▶ [Task statement]
Within the records below, reproduce without change the lines from the line that has "閉鎖されたマイアミのビーチ(AP)" through the line that has "Today, Paris rush", and only those.

▶ [Records for the task]
== Segment start ==

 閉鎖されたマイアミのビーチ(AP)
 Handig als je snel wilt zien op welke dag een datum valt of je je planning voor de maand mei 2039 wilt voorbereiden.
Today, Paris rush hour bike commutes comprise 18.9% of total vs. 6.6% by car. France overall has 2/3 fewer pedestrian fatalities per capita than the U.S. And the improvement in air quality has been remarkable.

== Segment end ==
== Segment start ==

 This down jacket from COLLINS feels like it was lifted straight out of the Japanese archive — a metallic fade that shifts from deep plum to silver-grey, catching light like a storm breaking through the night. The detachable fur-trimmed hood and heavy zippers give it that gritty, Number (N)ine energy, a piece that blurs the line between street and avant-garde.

== Segment end ==

▶ [Response area]
 閉鎖されたマイアミのビーチ(AP)
 Handig als je snel wilt zien op welke dag een datum valt of je je planning voor de maand mei 2039 wilt voorbereiden.
Today, Paris rush hour bike commutes comprise 18.9% of total vs. 6.6% by car. France overall has 2/3 fewer pedestrian fatalities per capita than the U.S. And the improvement in air quality has been remarkable.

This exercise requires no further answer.